== Problem statement ==
The whole listing should be retyped word for word, apart from the pictures it holds.

== Collected material ==
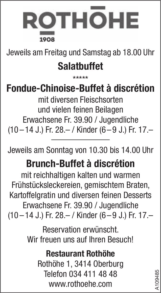 Restaurant Rothöhe, Oberburg - Freitags und samstags Fondue-Chinoise-Buffet à discrétion
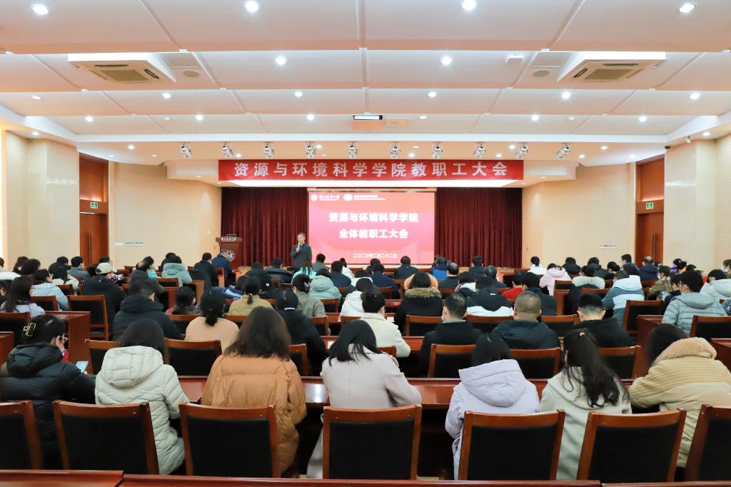 院长李荣作题为《百年资环新起点,砥砺前行再出发》的主题报告,报告分别从师资队伍建设、学科和专业建设、人才培养、科学研究以及社会服务等方面对2023年学院十项重点工作进行了介绍和部署。
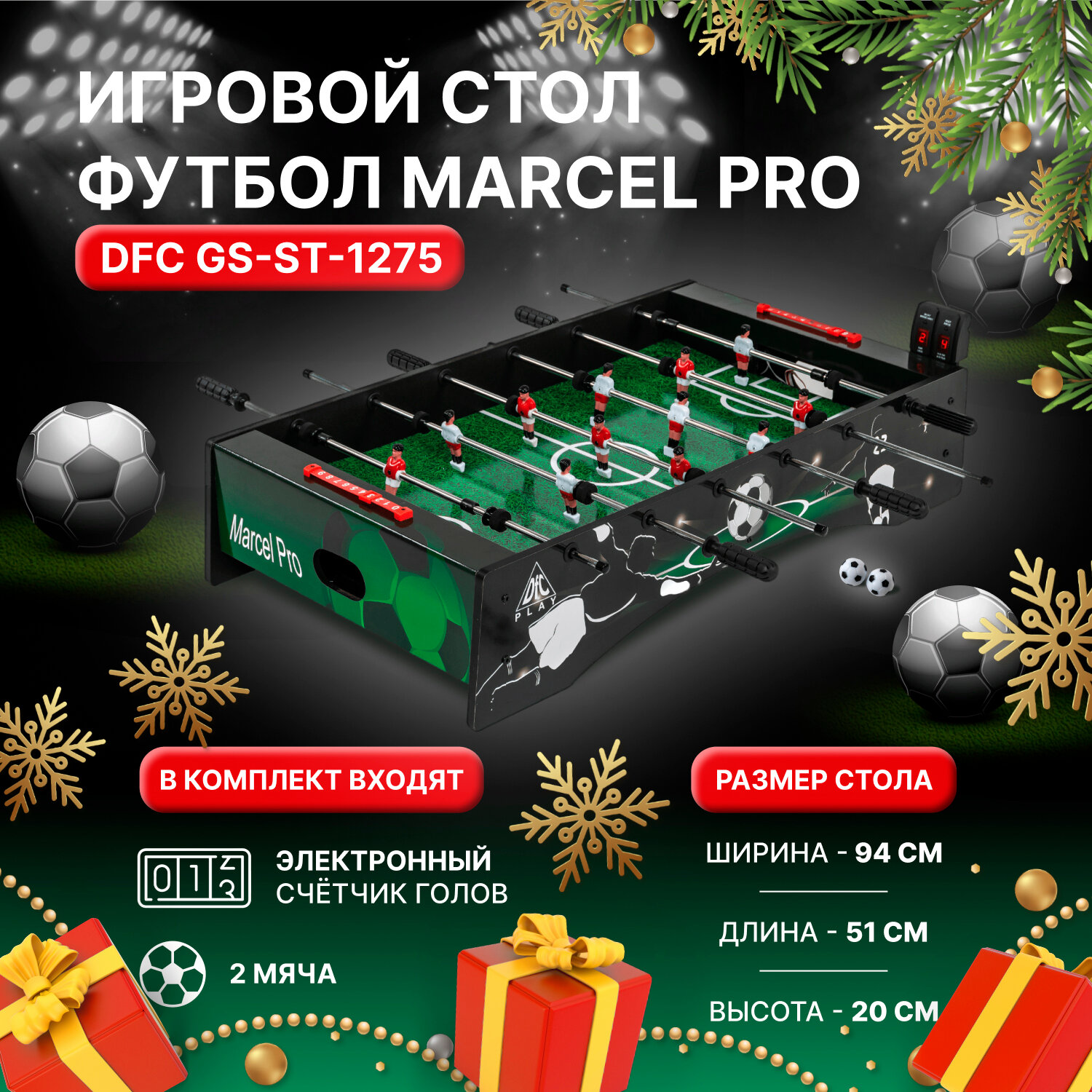 10 цен на Игровой стол - футбол DFC "Marcel Pro" , в комплекте 2 мячика и электронный счетчик очков.

== Task answer ==
 Restaurant Rothöhe, Oberburg - Freitags und samstags Fondue-Chinoise-Buffet à discrétion
 院长李荣作题为《百年资环新起点,砥砺前行再出发》的主题报告,报告分别从师资队伍建设、学科和专业建设、人才培养、科学研究以及社会服务等方面对2023年学院十项重点工作进行了介绍和部署。
 10 цен на Игровой стол - футбол DFC "Marcel Pro" , в комплекте 2 мячика и электронный счетчик очков.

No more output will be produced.